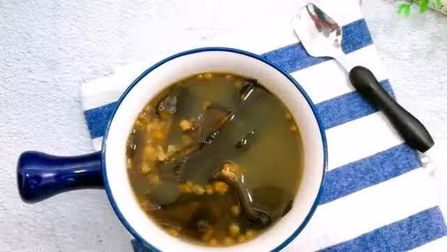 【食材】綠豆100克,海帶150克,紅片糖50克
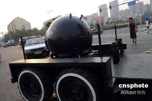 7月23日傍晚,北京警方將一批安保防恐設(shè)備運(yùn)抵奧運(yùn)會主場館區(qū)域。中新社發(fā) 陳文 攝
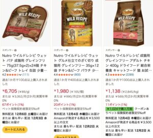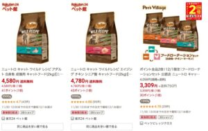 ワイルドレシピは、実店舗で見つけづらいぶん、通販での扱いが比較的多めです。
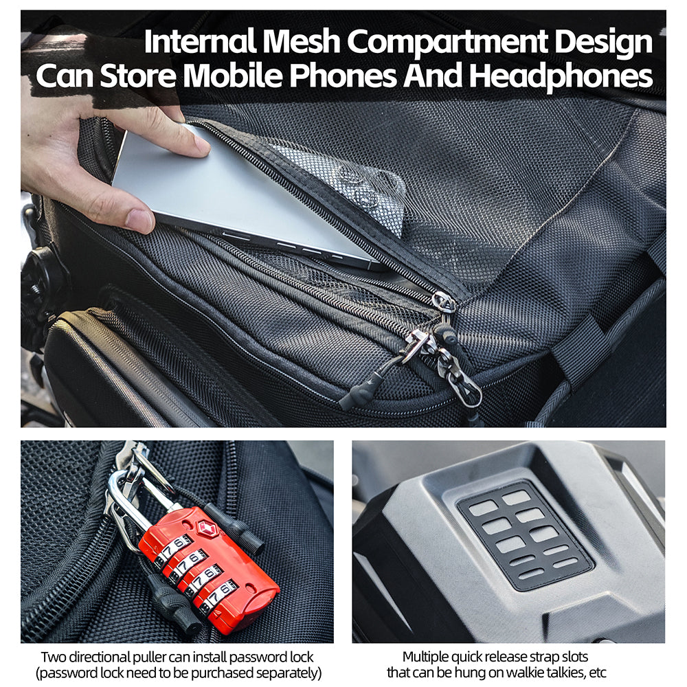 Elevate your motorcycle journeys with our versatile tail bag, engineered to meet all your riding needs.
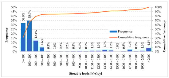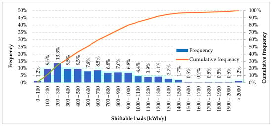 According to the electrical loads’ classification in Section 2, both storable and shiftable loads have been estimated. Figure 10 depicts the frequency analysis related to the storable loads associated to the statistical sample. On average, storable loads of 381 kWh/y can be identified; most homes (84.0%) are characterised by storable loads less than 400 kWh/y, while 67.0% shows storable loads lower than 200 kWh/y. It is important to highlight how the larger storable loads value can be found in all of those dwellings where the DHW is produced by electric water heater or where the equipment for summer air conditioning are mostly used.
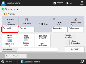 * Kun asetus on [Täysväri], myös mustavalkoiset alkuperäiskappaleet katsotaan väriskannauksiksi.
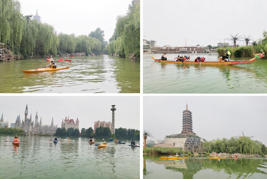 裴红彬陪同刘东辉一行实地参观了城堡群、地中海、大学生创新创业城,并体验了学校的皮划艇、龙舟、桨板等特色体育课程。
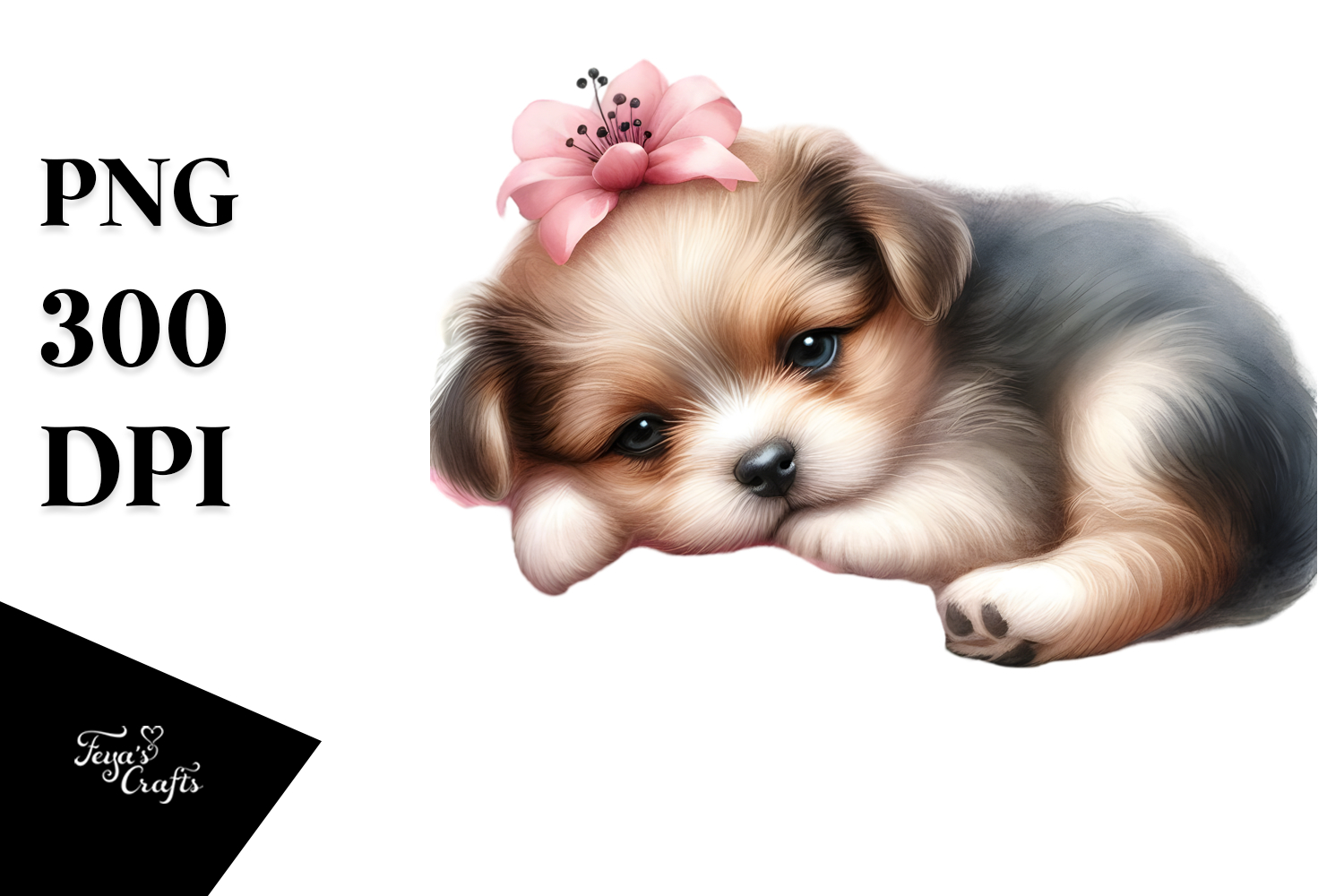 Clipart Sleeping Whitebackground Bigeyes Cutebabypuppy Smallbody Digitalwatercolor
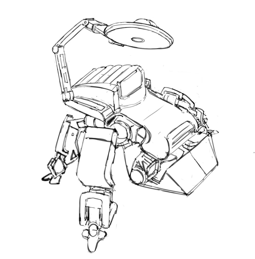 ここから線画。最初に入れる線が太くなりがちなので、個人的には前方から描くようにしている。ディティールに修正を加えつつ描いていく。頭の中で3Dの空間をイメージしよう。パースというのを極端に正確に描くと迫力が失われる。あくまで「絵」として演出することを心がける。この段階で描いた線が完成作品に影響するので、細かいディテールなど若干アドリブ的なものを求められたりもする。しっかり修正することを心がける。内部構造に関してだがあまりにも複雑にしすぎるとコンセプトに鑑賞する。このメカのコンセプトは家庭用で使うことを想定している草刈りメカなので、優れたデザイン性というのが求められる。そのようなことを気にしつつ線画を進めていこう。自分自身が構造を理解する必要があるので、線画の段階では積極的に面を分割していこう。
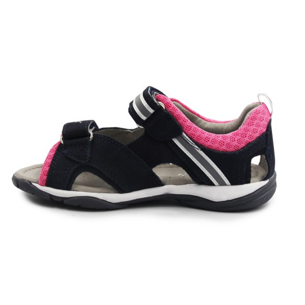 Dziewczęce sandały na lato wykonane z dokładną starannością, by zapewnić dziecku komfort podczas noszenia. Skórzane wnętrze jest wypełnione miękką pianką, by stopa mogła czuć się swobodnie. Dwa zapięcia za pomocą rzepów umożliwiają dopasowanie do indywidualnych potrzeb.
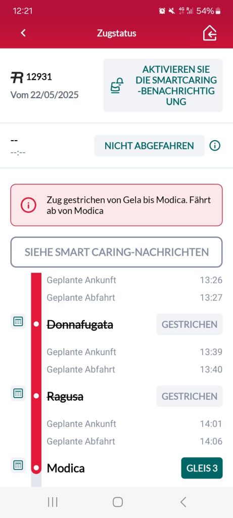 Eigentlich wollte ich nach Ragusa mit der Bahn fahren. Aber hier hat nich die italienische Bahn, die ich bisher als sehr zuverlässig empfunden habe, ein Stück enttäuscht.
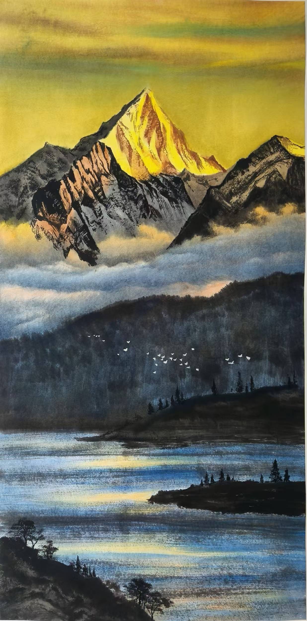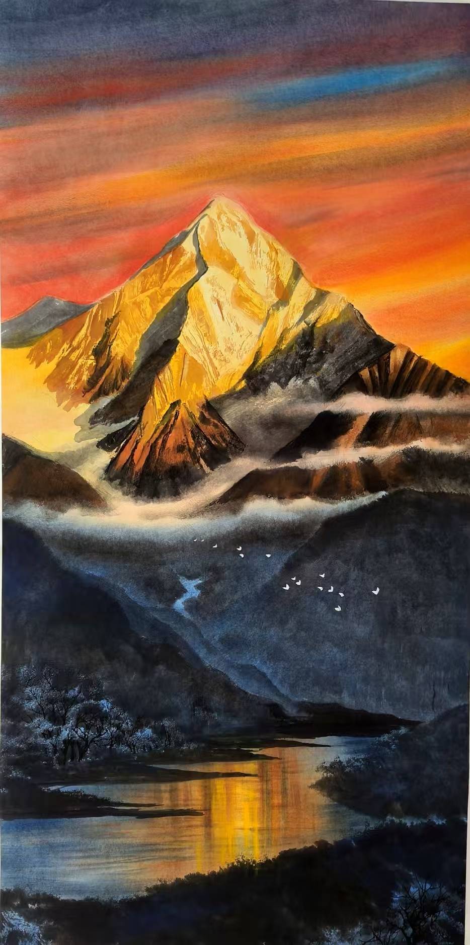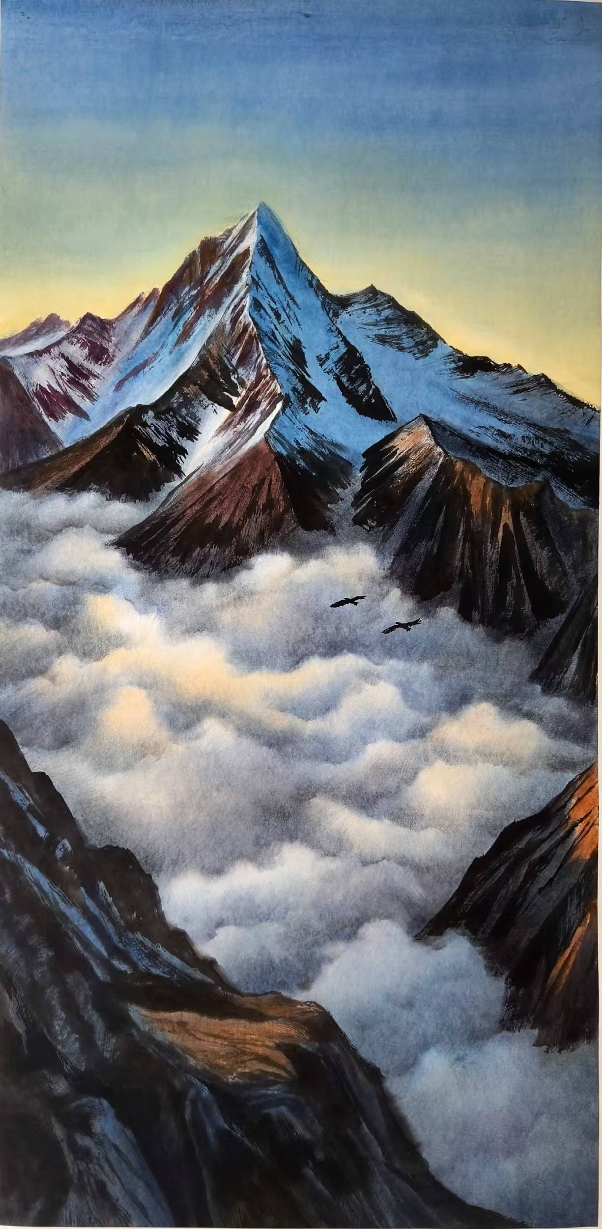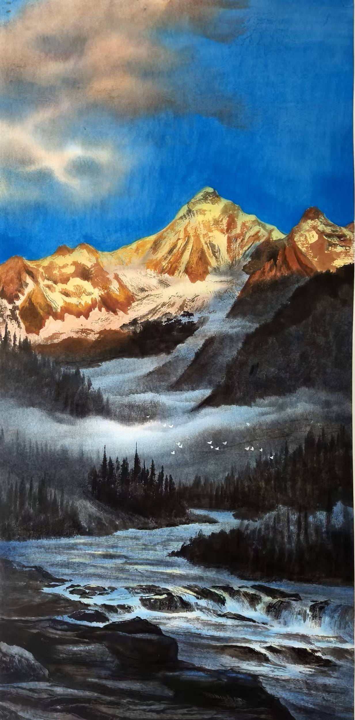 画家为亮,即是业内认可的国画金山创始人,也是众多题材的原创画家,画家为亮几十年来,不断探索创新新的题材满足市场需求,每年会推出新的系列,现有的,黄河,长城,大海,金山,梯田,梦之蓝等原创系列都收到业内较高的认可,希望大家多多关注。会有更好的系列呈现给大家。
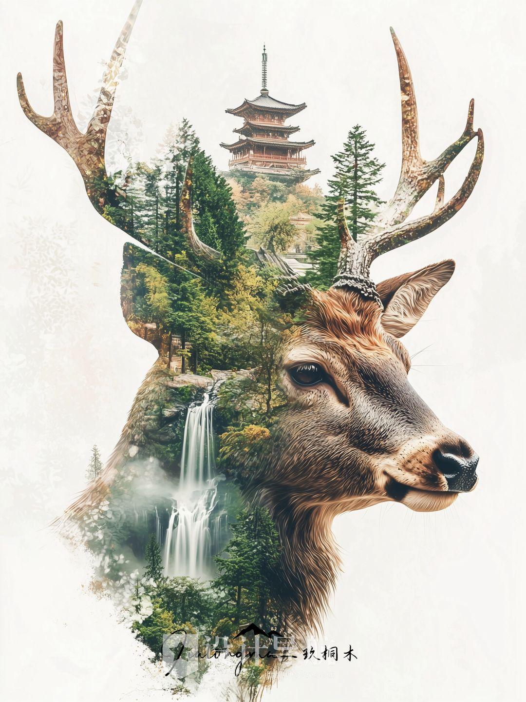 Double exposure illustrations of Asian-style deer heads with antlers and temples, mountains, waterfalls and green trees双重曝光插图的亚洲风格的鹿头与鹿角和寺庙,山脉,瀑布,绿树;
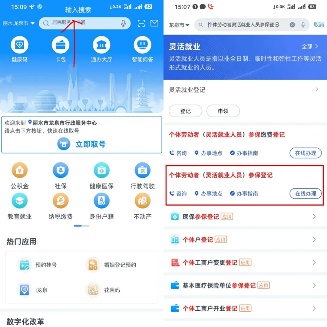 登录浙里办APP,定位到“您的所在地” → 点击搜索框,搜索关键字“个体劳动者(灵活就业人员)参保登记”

⁂

Copy everything above from the line holding "alkuperäiskappaleet katsotaan väriskannauksiksi." down to the line holding "Clipart Sleeping Whitebackground", both ends included, exactly as it stands and without the pictures.

● **FINISHED TASK**:
 * Kun asetus on [Täysväri], myös mustavalkoiset alkuperäiskappaleet katsotaan väriskannauksiksi.
 裴红彬陪同刘东辉一行实地参观了城堡群、地中海、大学生创新创业城,并体验了学校的皮划艇、龙舟、桨板等特色体育课程。
 Clipart Sleeping Whitebackground Bigeyes Cutebabypuppy Smallbody Digitalwatercolor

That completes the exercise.